Again, I do not agree. These are matters of values, and no arguments can be made for what we innately value. I draw a nuanced line based on my values, that I have tried to express here; but making it finer and finer will serve no purpose but as fuel for disagreement — because it is wholly subjective.

Possibility is not actuality. Most researchers are not a Platonic ideal: perfectly noble and virtuous and vigilant. They are real people: lazy, prone to error, requiring money to survive, self-interest at the very forefront.

I will not call your viewpoint naive, but it’s something that can only be formed when one’s exposure to this field is limited to papers and doctor’s visits.

> Why that number? And why that number in two very different contexts? Regardless, statins have been show in numerous studies to be highly effective.

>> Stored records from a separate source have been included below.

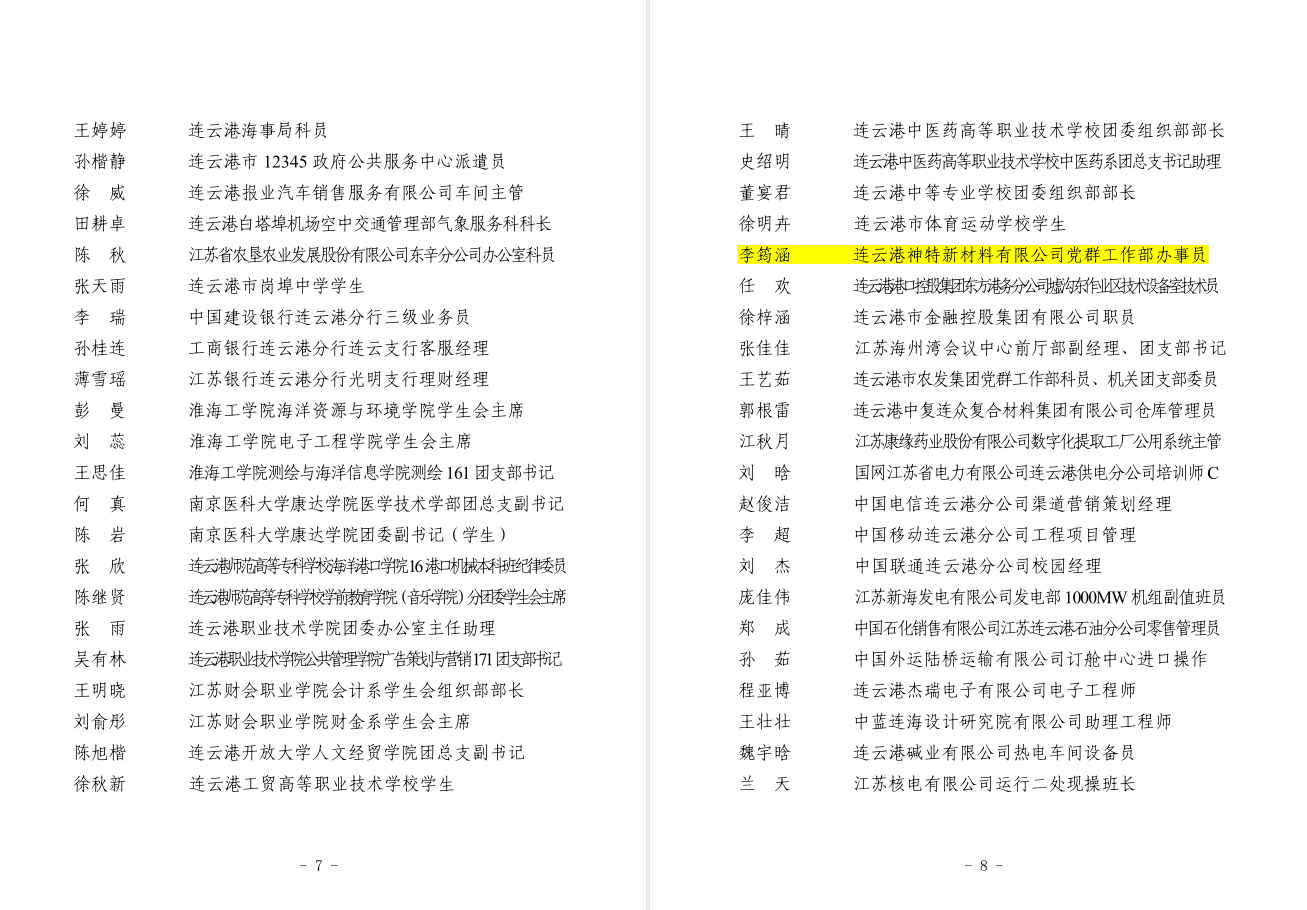 近日,共青團連云港市委員會公布了2018年度“連云港市優(yōu)秀共青團員”“連云港市優(yōu)秀團干部”“連云港市五四紅旗團委”“連云港市五四紅旗團支部”(總支)名單,我公司員工李筠涵榜上有名,被授予“連云港市優(yōu)秀共青團員”稱號。
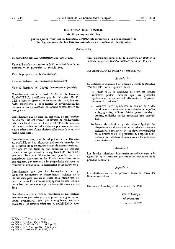 - En: . - D.O.C.E. núm. L 80, de 25 marzo 1986
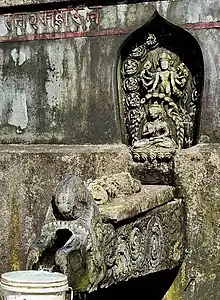 Above the middle of the three makara spouts there is a niche with a sculpture of Buddha Dharma-Chakra. The makara spout on the left has a Lakshmi Narayan sculpture in its niche, with a Buddha statue in front of it. The spout on the right carries a Visnu sculpture (as Vaikuntha Kamalaja) as well as a Buddha.[8]
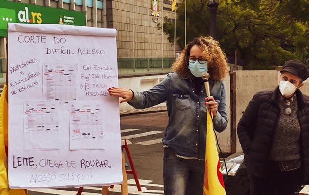Além da busca por melhorias, a deputada tem estado na linha de frente da luta contra a retirada de direitos. O governo Leite/Ranolfo promoveu um verdadeiro massacre nas carreiras, retirando conquistas históricas como os triênios e quinquênios, os avanços por tempo de serviço. O magistério sofreu ainda mais com a retirada do adicional de difícil acesso - reduzido drasticamente e em muitos casos extinto -, com o não-pagamento de dias de greve devidamente recuperados, com a cobrança da devolução de vale-transporte recebido de boa fé durante a pandemia e com sucessivos cortes e descontos abusivos
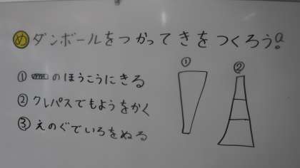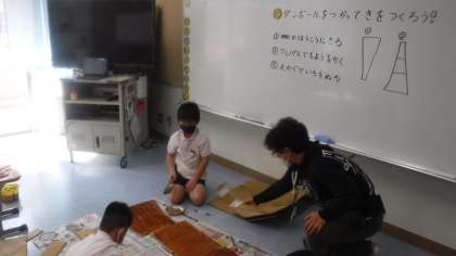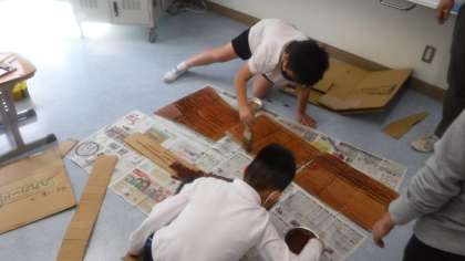 ダンボールを用いて木を作っています。
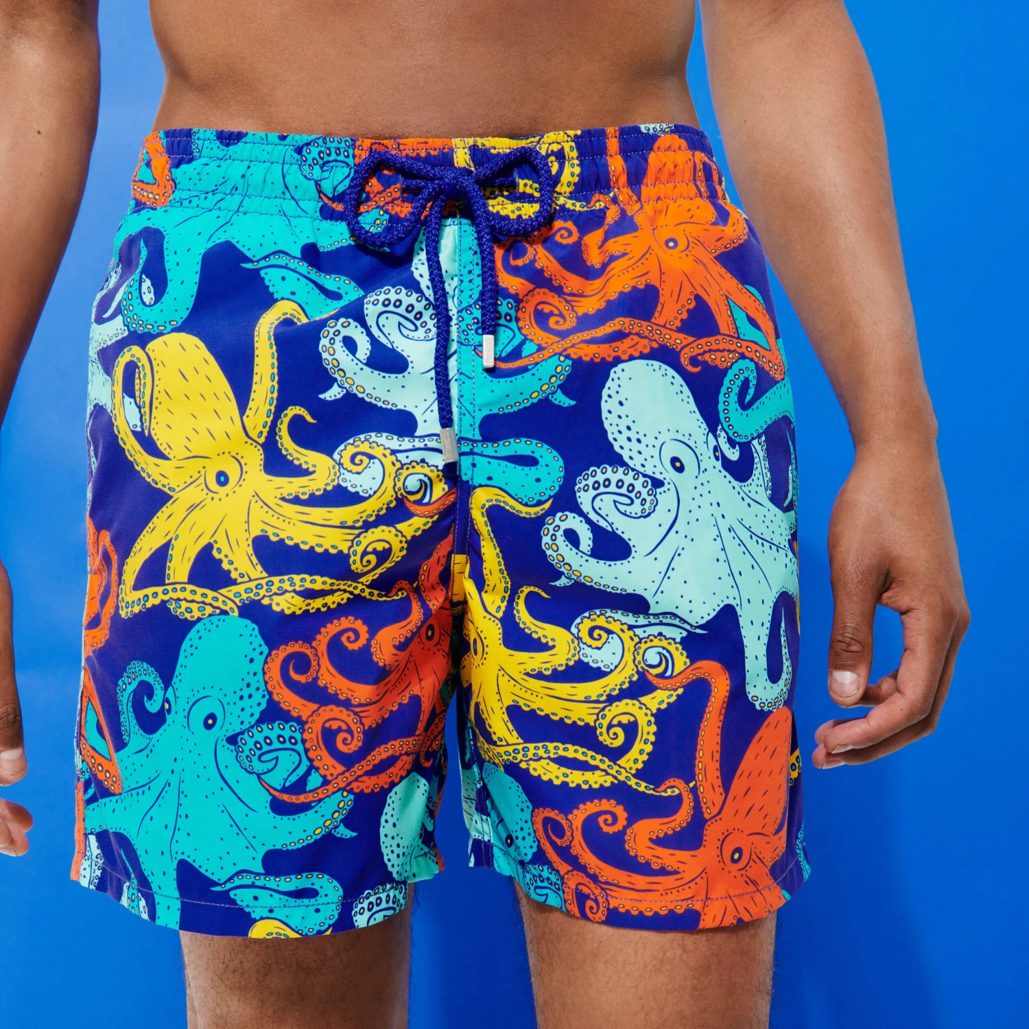 Go for something hypnotic with the technicolour octopuses on these Moorea Octopussy Multicolore men’s swimming trunks. The exclusive print transforms the timeless cut of these classic Vilebrequin three-pocket shorts into something really funky. Comfortable and stylish, they have a drawstring and an elasticated waist.
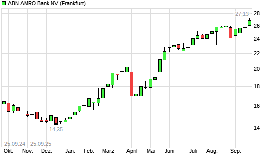Mit dem Anstieg auf 27,13 EUR hat die ABN Amro Group-Aktie (ISIN NL0011540547) am 24.09.2025 ein neues 5-Jahres-Hoch erreicht und damit den Kurs vom 23.09.2025 eingestellt.
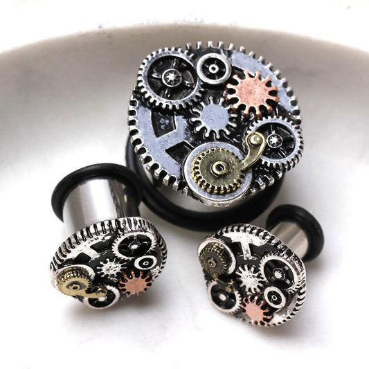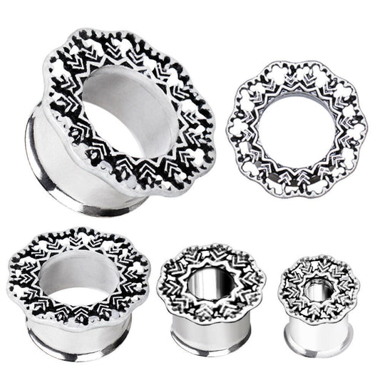 Stainless Steel Vintage Leaf Filigree Double Flare Tunnel Plug
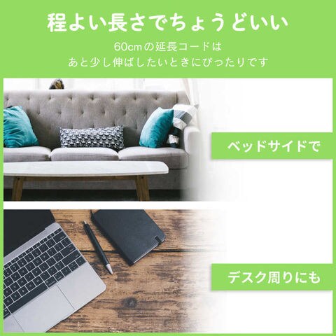●コンセントから離れた場所でも充電できる長さ60cmのコード付きタイプです。

Because 2% ARR is the highest change I’ve seen in any statin experiment — in either context. I do not consider one out of every fifty people being saved by a statin significant, or my definition of “highly effective.”

> It appears that the evidence in support of the use of statins is quite overwhelming.

My patience for reiterating this point is gone: relative changes are not absolute changes.

A starting risk profile of 2.25%, reduced to 1.25%, will have been reduced an absolute 1%, but a relative 44%.

This is why you read the methodology, and not the authors’ interpretation of their own data.